Split a string into multiple delimiters

Question

Split a string into multiple delimiters

I have a set of addresses:

34 Main St Suite 23 435 Center Road Ste 3 34 Jack Corner Bldg 4 2 Some Street Building 345

separators will be:

 Suite, Ste, Bldg, Building

I would like to split these addresses into address1 and address2 as follows:

 +---------------------+--------------+ | Address1 | Address2 | +---------------------+--------------+ | 34 Main St | Suite 23 | | 435 Center Road | Ste 3 | | 34 Jack Corner | Bldg 4 | | 2 Some Street | Building 345 | +---------------------+--------------+

How can I define a set of delimiters and delimit this way?

+4

sql sql-server tsql sql-server-2008

l --''''''--------- '' '' '' '' '' '' ' Jul 25 '12 at 20:16

source share

4 answers

You can use the separator table on which the separation will be performed. In this example, I use XML for parsing, but after you replace the robust delimiter instead of your set (Ste, Suite, etc.), you can split using any of many t-sql-based methods.

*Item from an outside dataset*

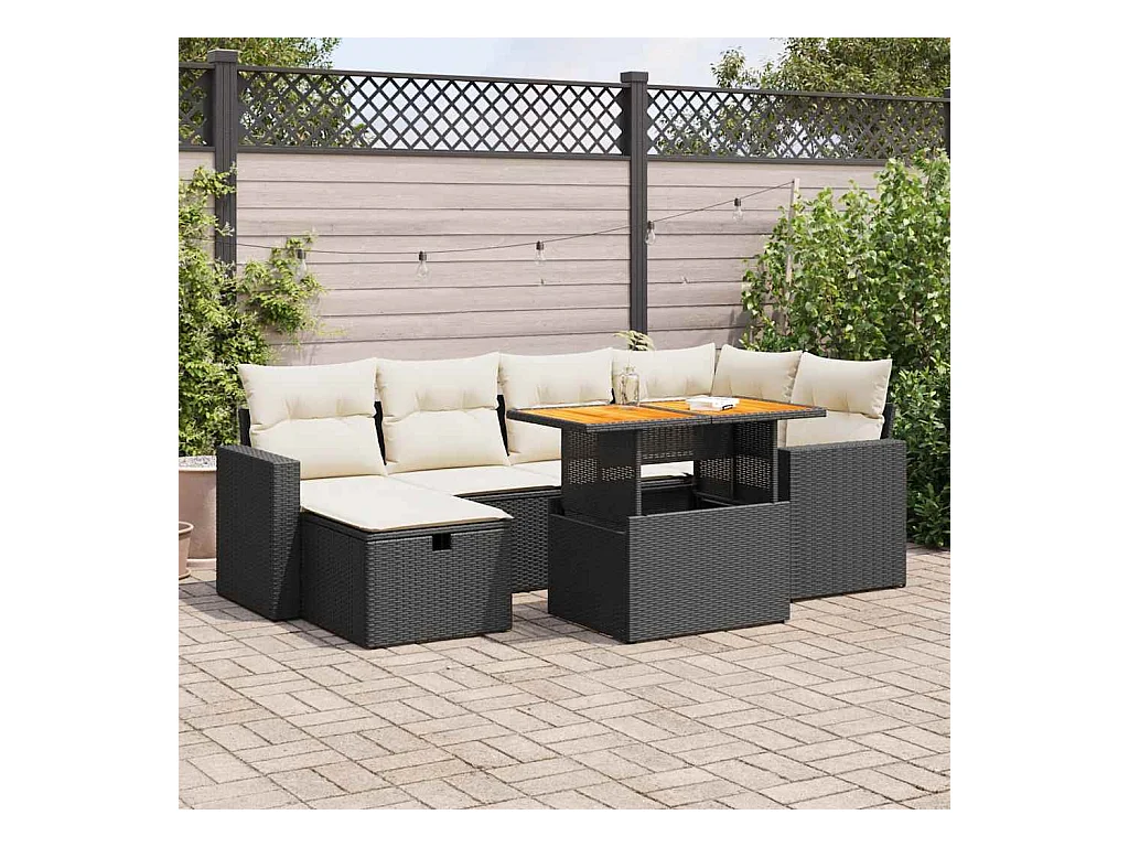 7-delige Loungeset met kussens poly rattan acacia zwart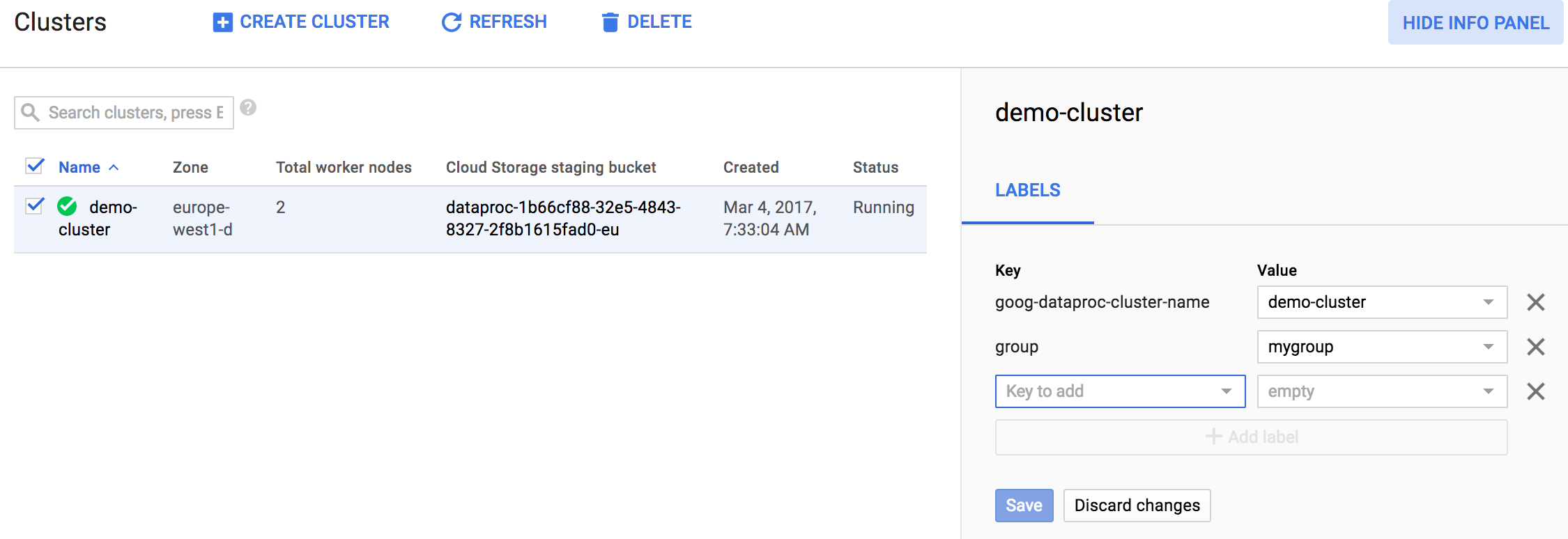 Once the info panel is displayed, you can update the labels for your Managed Service for Apache Spark cluster or job. The following is an example of updating labels for a Managed Service for Apache Spark cluster.

 declare @tab table (s varchar(100)) insert into @tab select '34 Main St Suite 23' union all select '435 Center Road Ste 3' union all select '34 Jack Corner Bldg 4' union all select '2 Some Street Building 345' union all select '20950 N. Tatum Blvd., Ste 300' union all select '1524 McHenry Ave Ste 470'; declare @delimiters table (d varchar(100)); insert into @delimiters select 'Suite' union all select 'Ste' union all select 'Bldg' union all select 'Building'; select s, cast('<r>'+ replace(s, d, '</r><r>'+d) + '</r>' as xml), [Street1] = cast('<r>'+ replace(s, d, '</r><r>'+d) + '</r>' as xml).value('r[1]', 'varchar(100)'), [Street2] = cast('<r>'+ replace(s, d, '</r><r>'+d) + '</r>' as xml).value('r[2]', 'varchar(100)') from @tab t cross apply @delimiters d where charindex(' '+d+' ', s) > 0;

+1

Nathan skerl Jul 25 '12 at 20:55

source share

 select Addr,CASE WHEN CHARINDEX('suite',addr,1)>0 then LEFT(addr,CHARINDEX('suite',addr,1)-1) WHEN CHARINDEX('Ste',addr,1)>0 then LEFT(addr,CHARINDEX('Ste',addr,1)-1) WHEN CHARINDEX('Bldg',addr,1)>0 then LEFT(addr,CHARINDEX('Bldg',addr,1)-1) WHEN CHARINDEX('Building',addr,1)>0 then LEFT(addr,CHARINDEX('Building',addr,1)-1) END as [Address], CASE WHEN CHARINDEX('suite',addr,1)>0 then RIGHT(addr,len(addr)-(CHARINDEX('suite',addr,1)-1)) WHEN CHARINDEX('Ste',addr,1)>0 then RIGHT(addr,len(addr)-(CHARINDEX('Ste',addr,1)-1)) WHEN CHARINDEX('Bldg',addr,1)>0 then RIGHT(addr,len(addr)-(CHARINDEX('Bldg',addr,1)-1)) WHEN CHARINDEX('Building',addr,1)>0 then RIGHT(addr,len(addr)-(CHARINDEX('Building',addr,1)-1)) END as [Address1] from Addr

+1

Anandphadke Jul 26 '12 at 7:02

source share

If you try to analyze this data and are not separated by something (i.e. a comma), it will be much more complicated and you will have to make some assumptions. Having a larger dataset can help you make stronger assumptions, but it will still be very fragile.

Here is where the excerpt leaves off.